> **WHAT IS EXPECTED**:
Of the material below, the lines to be retyped are those from the line containing "(2)STP没有细致区分接口状态和接口角色,不利于初学者学习及部署。" through the line containing "- Υπερηχογράφημα (US), κοιλίας", inclusive; reproduce them exactly.

☆ ☆ ☆

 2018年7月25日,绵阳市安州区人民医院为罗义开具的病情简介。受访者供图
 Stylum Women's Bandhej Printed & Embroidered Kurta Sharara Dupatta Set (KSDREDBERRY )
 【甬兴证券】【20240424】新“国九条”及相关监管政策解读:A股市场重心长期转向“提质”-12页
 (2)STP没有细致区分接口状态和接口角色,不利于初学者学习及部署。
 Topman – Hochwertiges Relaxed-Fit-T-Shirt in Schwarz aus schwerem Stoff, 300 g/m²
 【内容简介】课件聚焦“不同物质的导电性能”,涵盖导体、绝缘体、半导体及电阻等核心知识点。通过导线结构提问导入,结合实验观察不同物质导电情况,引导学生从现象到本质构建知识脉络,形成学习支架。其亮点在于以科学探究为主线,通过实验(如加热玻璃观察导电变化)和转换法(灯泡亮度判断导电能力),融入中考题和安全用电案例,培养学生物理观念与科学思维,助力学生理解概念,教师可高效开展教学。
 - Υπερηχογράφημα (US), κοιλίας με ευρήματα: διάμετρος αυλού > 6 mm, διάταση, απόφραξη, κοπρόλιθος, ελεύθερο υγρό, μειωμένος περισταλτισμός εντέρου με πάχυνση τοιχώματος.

☆ ☆ ☆

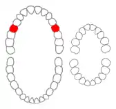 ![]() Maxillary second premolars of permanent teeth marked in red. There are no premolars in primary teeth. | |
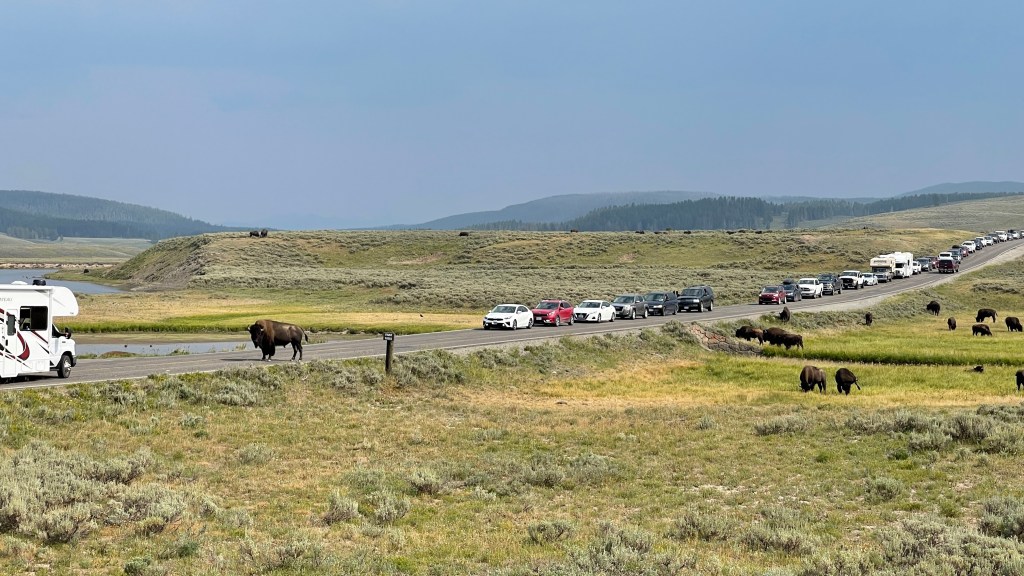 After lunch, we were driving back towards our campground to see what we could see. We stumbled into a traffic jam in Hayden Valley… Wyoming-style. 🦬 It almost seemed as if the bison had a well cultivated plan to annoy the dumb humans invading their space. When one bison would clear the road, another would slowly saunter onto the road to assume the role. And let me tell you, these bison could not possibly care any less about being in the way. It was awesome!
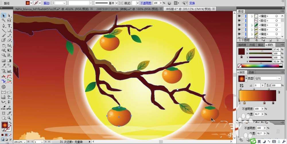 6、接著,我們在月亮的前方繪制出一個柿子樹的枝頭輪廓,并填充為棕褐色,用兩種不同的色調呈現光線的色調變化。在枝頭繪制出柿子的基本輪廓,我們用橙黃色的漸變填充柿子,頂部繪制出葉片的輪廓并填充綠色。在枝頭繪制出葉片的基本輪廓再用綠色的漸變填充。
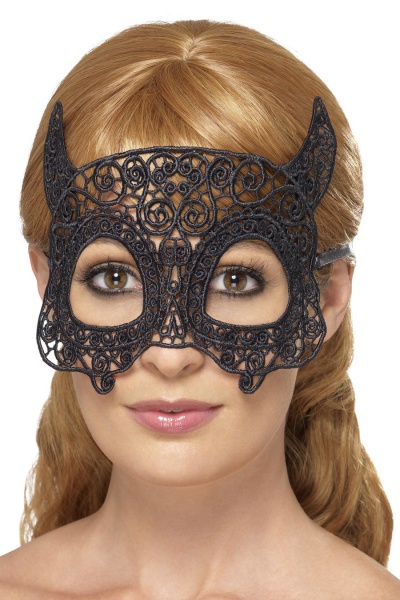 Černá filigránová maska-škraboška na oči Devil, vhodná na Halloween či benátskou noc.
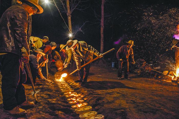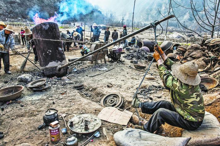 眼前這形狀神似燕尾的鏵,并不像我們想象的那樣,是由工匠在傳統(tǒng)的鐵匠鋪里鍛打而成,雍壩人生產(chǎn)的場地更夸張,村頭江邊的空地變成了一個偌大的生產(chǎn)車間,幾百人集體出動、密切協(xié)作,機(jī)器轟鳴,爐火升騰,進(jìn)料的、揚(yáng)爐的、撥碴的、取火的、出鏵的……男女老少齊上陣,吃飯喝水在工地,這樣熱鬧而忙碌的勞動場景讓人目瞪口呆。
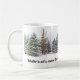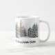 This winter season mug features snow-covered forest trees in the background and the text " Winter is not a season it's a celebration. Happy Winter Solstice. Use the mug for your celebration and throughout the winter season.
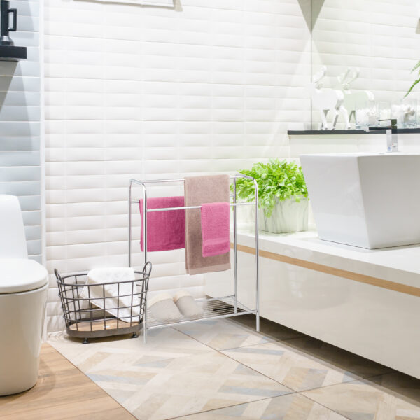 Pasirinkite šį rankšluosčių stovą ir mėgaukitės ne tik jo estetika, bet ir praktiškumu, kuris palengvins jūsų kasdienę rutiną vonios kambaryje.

☆ ☆ ☆

> **RESPONSE TO THE EXERCISE**:
 (2)STP没有细致区分接口状态和接口角色,不利于初学者学习及部署。
 Topman – Hochwertiges Relaxed-Fit-T-Shirt in Schwarz aus schwerem Stoff, 300 g/m²
 【内容简介】课件聚焦“不同物质的导电性能”,涵盖导体、绝缘体、半导体及电阻等核心知识点。通过导线结构提问导入,结合实验观察不同物质导电情况,引导学生从现象到本质构建知识脉络,形成学习支架。其亮点在于以科学探究为主线,通过实验(如加热玻璃观察导电变化)和转换法(灯泡亮度判断导电能力),融入中考题和安全用电案例,培养学生物理观念与科学思维,助力学生理解概念,教师可高效开展教学。
 - Υπερηχογράφημα (US), κοιλίας με ευρήματα: διάμετρος αυλού > 6 mm, διάταση, απόφραξη, κοπρόλιθος, ελεύθερο υγρό, μειωμένος περισταλτισμός εντέρου με πάχυνση τοιχώματος.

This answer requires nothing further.